Canada contests EU seal ban at WTO
Last Updated: Monday, November 2, 2009 | 7:02 PM ET
The Canadian Press
Canada is taking its seal-products dispute with the European Union to the World Trade Organization.
A hunter heads toward a harp seal during the annual East Coast seal hunt in the southern Gulf of St. Lawrence in March. Canada has taken its complaint against an EU ban on Canadian seal products to the WTO, Trade Minister Stockwell Day said Monday. (Andrew Vaughan/Canadian Press) Trade Minister Stockwell Day says Ottawa has formally requested WTO consultations into Europe's ban on Canadian seal products, the first stage of the world body's dispute-settlement process.
Day says the regulation, adopted by 27 European countries earlier this year, is a violation of the EU's trade obligations.
Canada is arguing that the seal hunt is "a legitimate economic pursuit" and the EU ban is based "neither on science nor on facts."
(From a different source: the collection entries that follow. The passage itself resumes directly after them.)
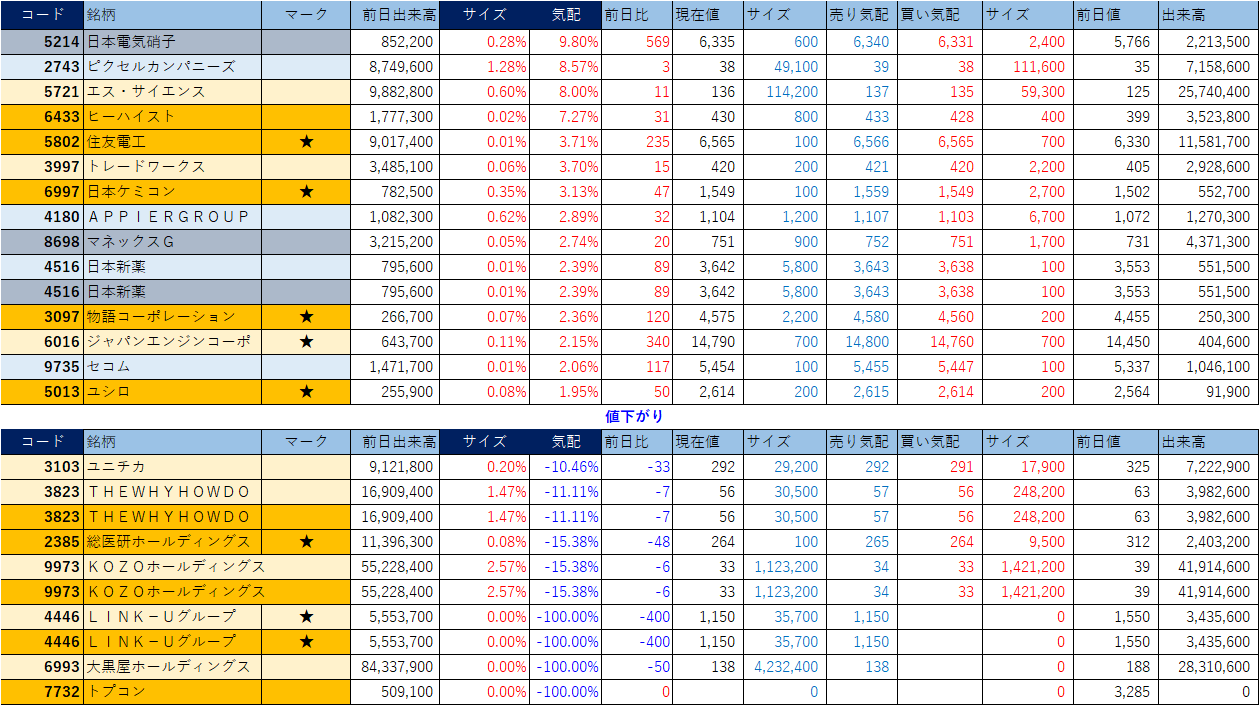 ホット銘柄-上げ銘柄&下げ銘柄(2025/12/02-大引け後) 投稿日: 2025年12月2日 投稿者: h_nagahama 「★」は昨日時点で注目した銘柄、「値上がり」にあれば伸びており、「値下がり」にあれば押しを形成している可能性。※銘柄の重複はお気にされずに。
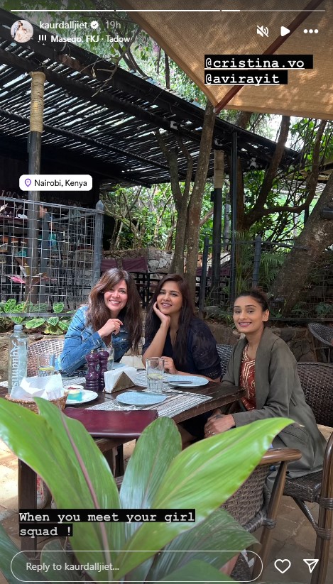 दलजीत कौर ने सोशल मीडिया पर केन्या से अपनी फोटो शेयर की है। तस्वीर में अभिनेत्री अपने दोस्तों के साथ हैंगआउट करते हुए नजर आ रही हैं। पोस्ट शेयर करते हुए दलजीत कौर ने कैप्शन में लिखा, "जब आप अपनी गर्ल गैंग से मिलते हैं।" इसके साथ ही उन्होंने लोकेशन टैग करते हुए लिखा, "नैरोबी, केन्या।"
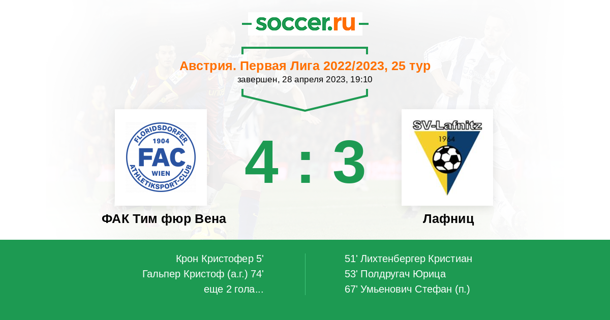 Протокол матча ФАК Тим фюр Вена против Лафниц
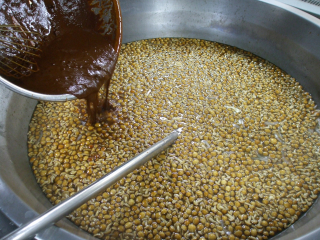▼赤だし味噌汁は、八丁味噌を使用しました。
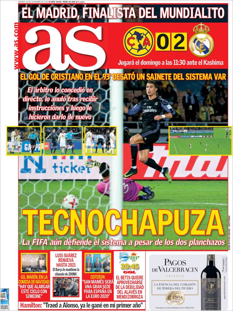 Mundo Deportivo regala a sus lectores (o lo vende, que el euro es el euro) el calendario del Barça 2017, y junto a él una lupa para encontrar un rastro de la victoria del Madrid, con el siguiente minúsculo titular, tercer recuadrito amarillo inferior empezando por la izquierda, junto al zapato Panama Jack: "Sigue el lío con el arbitraje por vídeo". Y encima de dicho titular, en un azul pálido prácticamente ilegible sobre el fondo amarillo, el marcador final del encuentro: "América-R.Madrid: 0-2". Bravo por la valentía del diario de Godó, Grande de España, que admite la existencia de la noticia.
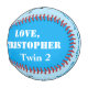 Happy Father's Day. Personalise with baby boy's name and current year. Twin 2 is written in blue text below name (insert Twin Number and add to shopping cart individually). One-of-a-kind two-toned blue baseball keepsake gift idea for the father or first time father of the baby boy twins. Leave baby feet image, or click to upload your own photo. You'll Always be the Best Daddy Ever is written in centre of ball in blue text with silver scrolls on the sides with area. XO Kiss Hug is in red text between photo image and child's name. NOTE: When uploading your photo if the XO does not appear, simply click Customise and on right side drag photo image to bottom of list. Original Photography and Graphic Design Copyright © 2010, 2018 TamiraZDesigns. All rights reserved. Visit my store for more unique items at: www.zazzle.com/tamirazdesigns*
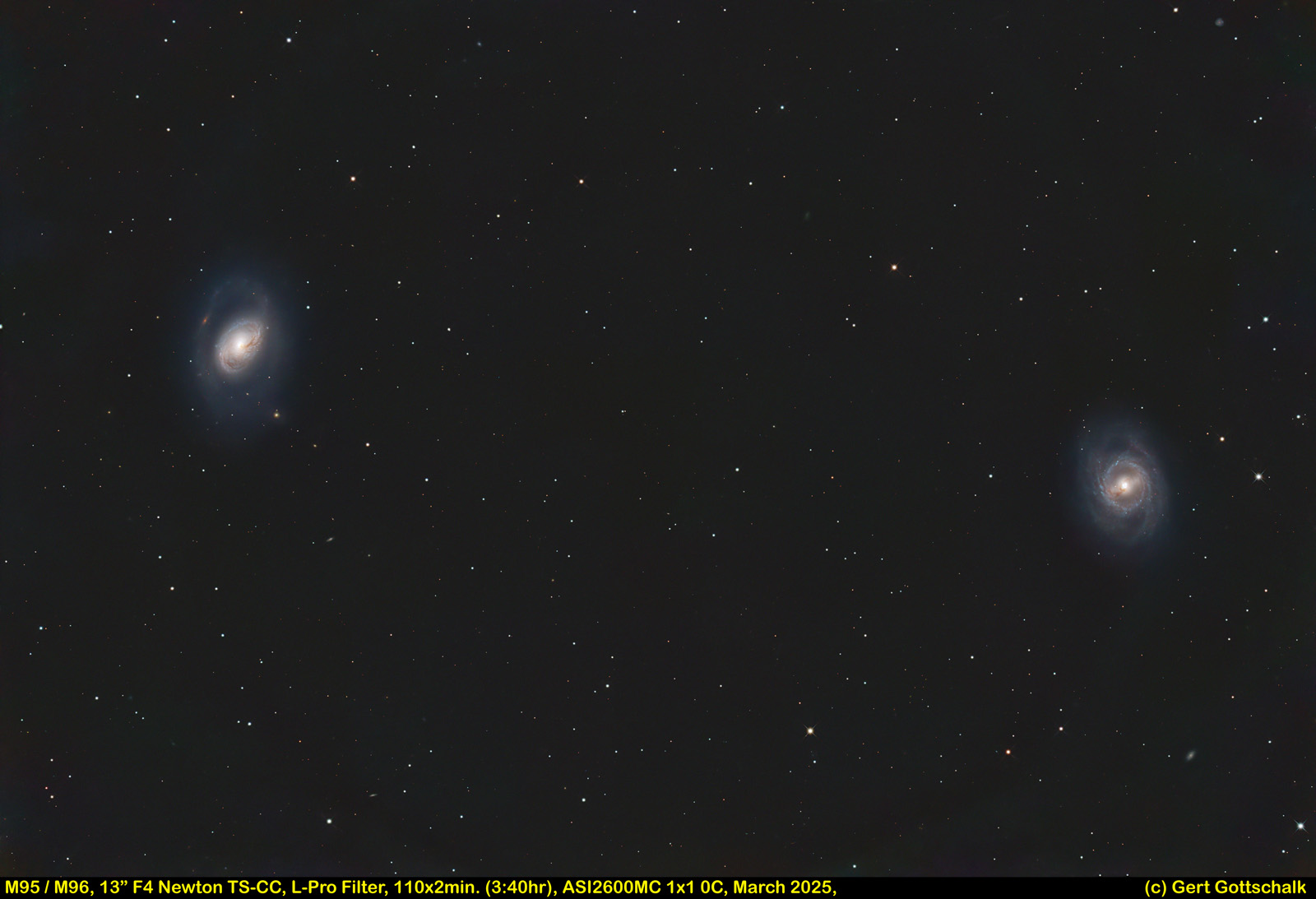 Exposures from urban location (Bortle 8). Processing: Calibration, Stack, RGB re-align, gradient removal, deconvolution, stretch, noise removal, final adjust.

The ban, published as a regulation in the Official Journal of the European Union, is to come into force next August.
Fisheries Minister Gail Shea says Canada has made a case at all levels of the EU that the seal hunt is sustainable, humane and closely monitored, and it will continue to counter what she calls a "misinformation campaign" by lobbyists.
The EU regulation includes limited exemptions for products from Inuit hunts, culls conducted solely to manage marine resources, and for travellers' personal imports.
Canada's latest request for consultations is linked to unresolved consultations with the WTO over seal-product bans in Belgium and the Netherlands.